То есть Рогожин теперь воспринимается ею в свете зловещего видения Мышкина ("те самые" глаза), которое тем самым показывается как непреложный факт и ее сознания.
И сразу вслед за этим, как перед Мышкиным появляется воочию Настасья Филипповна — одновременно как продолжение его же сна и как образ из прочитанных им только что писем — благодаря чему она действительно представляется видением, вызванным самим князем к реальности:
Сердце его стучало, мысли путались, и все кругом него как бы походило на сон. И вдруг, так же как и давеча, когда он оба раза проснулся на одном и том же видении, то же видение опять предстало ему. Та же женщина вышла из парка и стала перед ним, точно ждала его тут... она схватила его за руку и крепко сжала ее. "Нет, это не видение!"

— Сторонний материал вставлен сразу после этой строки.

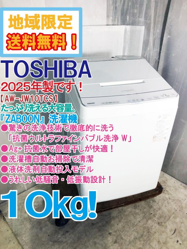 地域限定送料無料★2025年製★新品未使用★東芝 10㎏ 抗菌ウルトラファインバブル洗浄Wでしっかり洗浄!洗濯機【AW-JW10TCS】FCBS

И вот, наконец, она стояла перед ним лицом к лицу, в первый раз после их разлуки; она что-то говорила ему, но он молча смотрел на нее; сердце его переполнилось и заныло от боли" (8; 381).
В облике «ее» (в течение всей сцены героиня именуется только как «та же женщина» или «она») подчеркивается некая призрачность, бесплотность, а ее поведение своей театральностью и эксцентричностью приближается к поведению фигуры из сна («она опустилась пред ним на колена, тут же на улице, как исступленная; он отступил в испуге, а она ловила его руку, чтобы целовать ее, и точно также, как и давеча во сне, слезы блистали на ее длинных ресницах.» - 8; 382). Здесь уже четко прослеживается, как Настасья Филипповна буквально уподобляется видению о ней Мышкина, хотя сам он не в силах преодолеть власть этого фатального образа над собой, равно как и бессилен предотвратить гибель Настасьи Филипповны.
Однако только следующая, третья встреча бесповоротно предрешает трагическую развязку, делая все видения князя ужасной реальностью. Князь всеми силами старался ее избежать.
И опять — «эта женщина»! Почему ему всегда казалось, что эта женщина явится именно в самый последний момент и разорвет всю судьбу его, как гнилую нитку?... Что же: любил он эту женщину или ненавидел? Это вопроса он ни разу не задал себе сегодня; тут сердце его было чисто: он знал, кого он любил [то есть Аглаю - А.К.] ... Он не столько свидания их обеих боялся, не странности, не причины этого свидания, ему неизвестной, не разрешения его чем бы то ни было, — он самой Настасьи Филипповны боялся. Он вспомнил уже потом, чрез несколько дней, что в эти лихорадочные часы почти все время представлялись ему ее глаза, ее взгляд, слышались ее слова — странные какие-то слова (8; 467).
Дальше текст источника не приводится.